Richmond is also $131.5 million in debt, which Peterson said in an e-mail was not a significant amount of money compared to the university's total assets -- valued at $2.6 billion as of June 30. The debt is 5 percent of that.
The school acquires debt to pay for new construction costs and other such projects. University officials said that when the school announces a new project, it begins construction as soon as possible, meaning the school must borrow money initially and raise the rest from alumni and other donors later.
John Earl, chairman of the finance department at the E. Claiborne Robins School of Business, said the debt was a healthy amount even in today's financial climate.
"I don't think that there is any question as to the school's ability to pay that money back," Earl said. "Now, it's questionable that we would be able to add any more debt with the credit market the way it is."

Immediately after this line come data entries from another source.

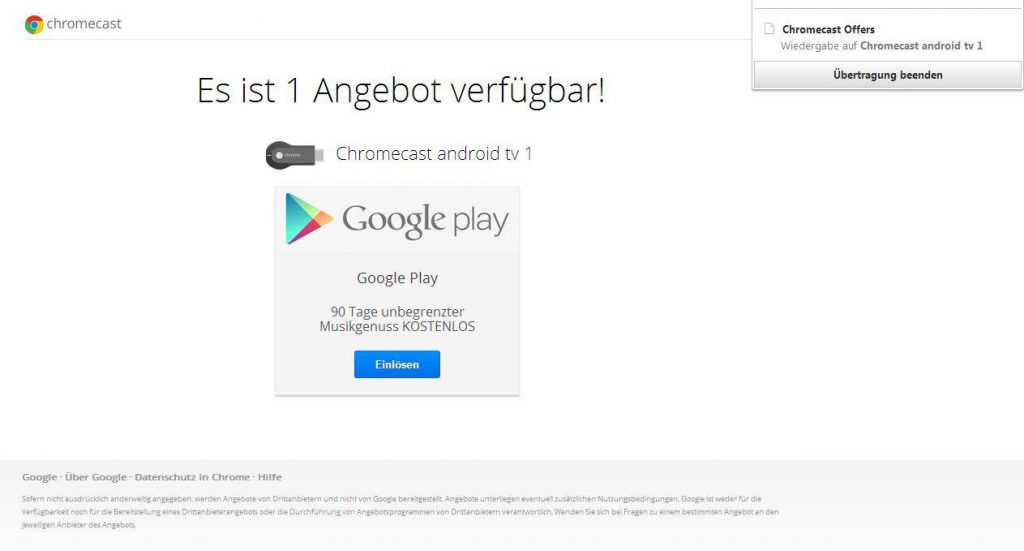 Denn hierzulande bekommt JEDER Käufer des Chromecast eben dieses Angebot, vorausgesetzt man hat nicht schon einmal den Dienst Google Play Music All Access (bzw. Google Play Music All-Inclusive wie es in Deutschland genannt wird) in Anspruch genommen.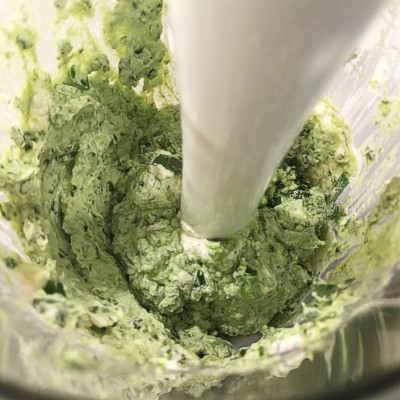 Alle Zutaten in einen hohen, schmalen Mixbecher geben und mit dem Pürierstab zerkleinern, bis der Käse gleichmäßig hellbrün ist.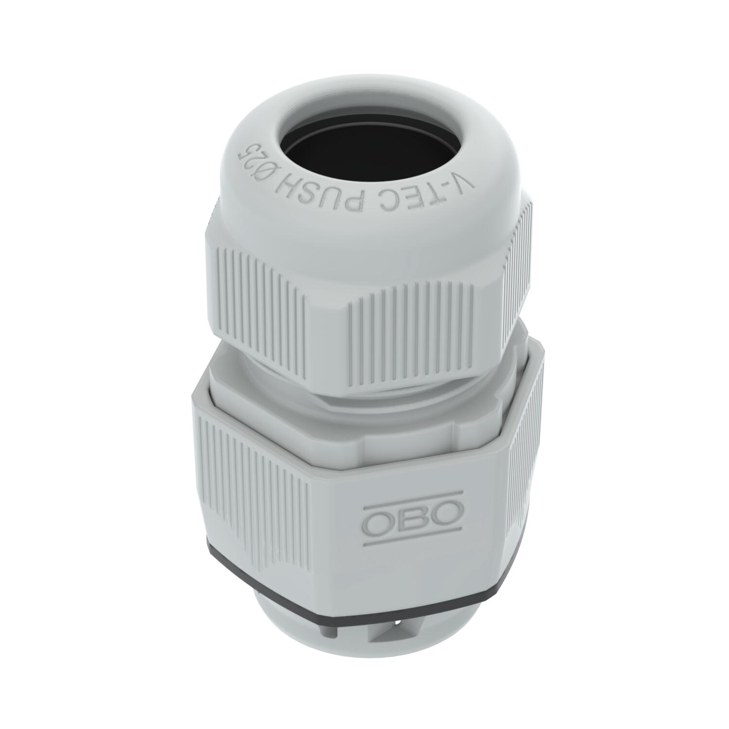 Descripción de productoCable gland V-TEC PUSH® with patented snap-in system and metal spring for use in, for example, junction boxes, housings or distributor cabinets in private and industrial applications. Single-sided plug-in, screwless fastening, no locknut required. Can be removed again with the enclosed dismantling tool. Suitable for wall thicknesses from 1–3 mm. With strain relief and integrated sealing lip, tested according to DIN EN 62444. Protection class IP66. Can be used between –20 °C and +65 °C.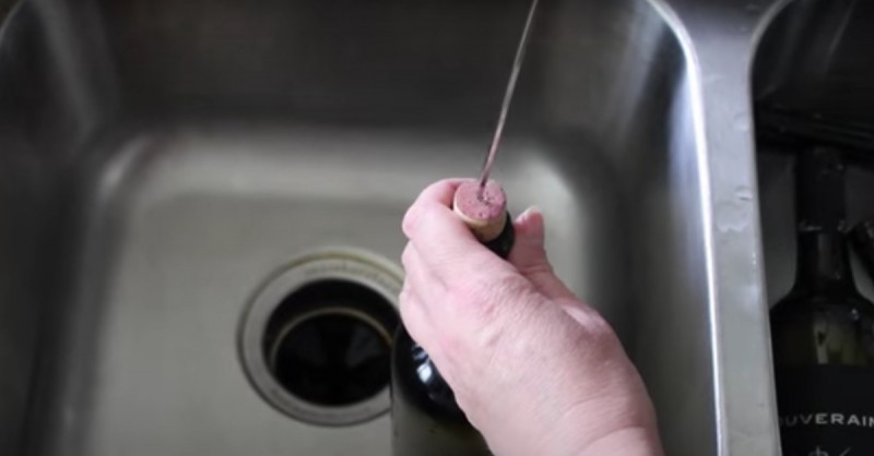 Szúrj egy lyukat a parafadugóba, töltsd meg a palackot vízzel és nyomd bele a dugót.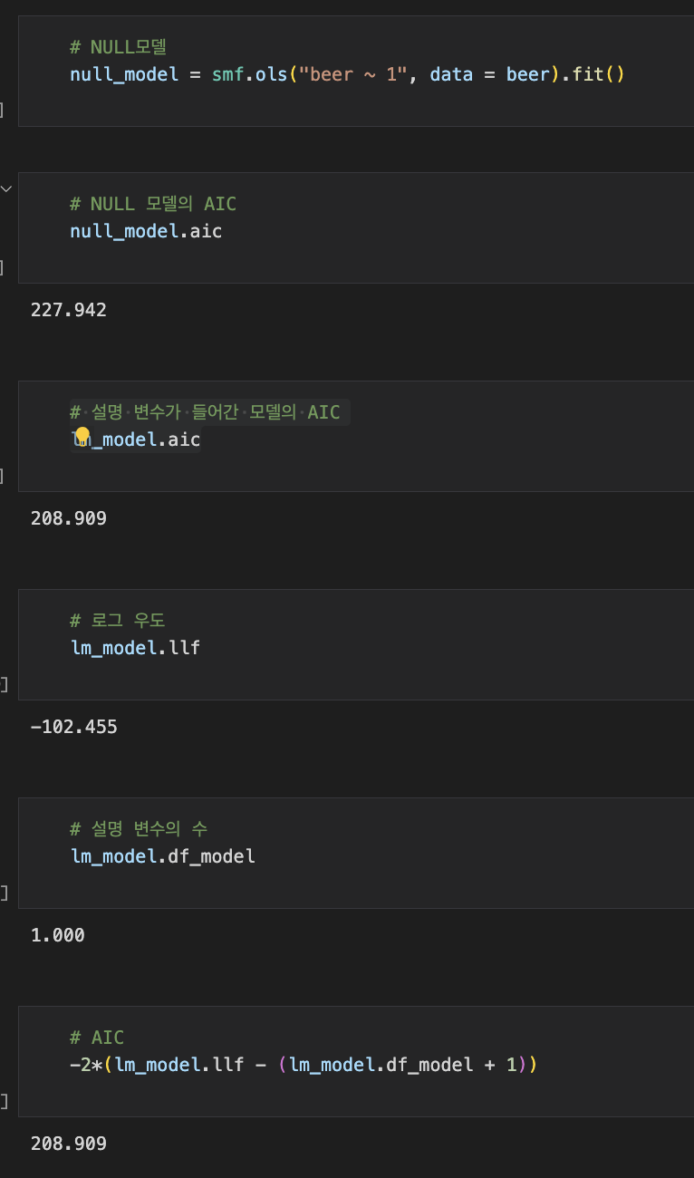 따라서 주어진 코드는 -2 * (lm_model.llf - (lm_model.df_model + 1))을 계산하여 선형 회귀 모델의 AIC 값을 구하는 것입니다. AIC 값이 낮을수록 모델이 더 적합하다고 해석할 수 있습니다.

The university is planning aggressive construction projects in the coming months, including a new football stadium, road construction, the Weinstein International Center and renovation of the Tyler Haynes Commons.
University officials said projects such as the new football stadium and the Weinstein Center, were already well funded before construction efforts began.
An inability to add new debt could delay the start of some of these projects, but Peterson said it was too soon to say whether any university construction would be put on hold.
The university's budget stands to be squeezed even more by projected increases in energy costs. Already this summer the university was faced with an overall increase in electric utility rates by 30 percent, said Ayers.
Peterson echoed Ayers in saying that students should not worry about the university's financial future.
"Market declines occur from time to time," he said. The school has had "excellent returns on its investments" in recent years, but that this academic year would be difficult, Peterson said.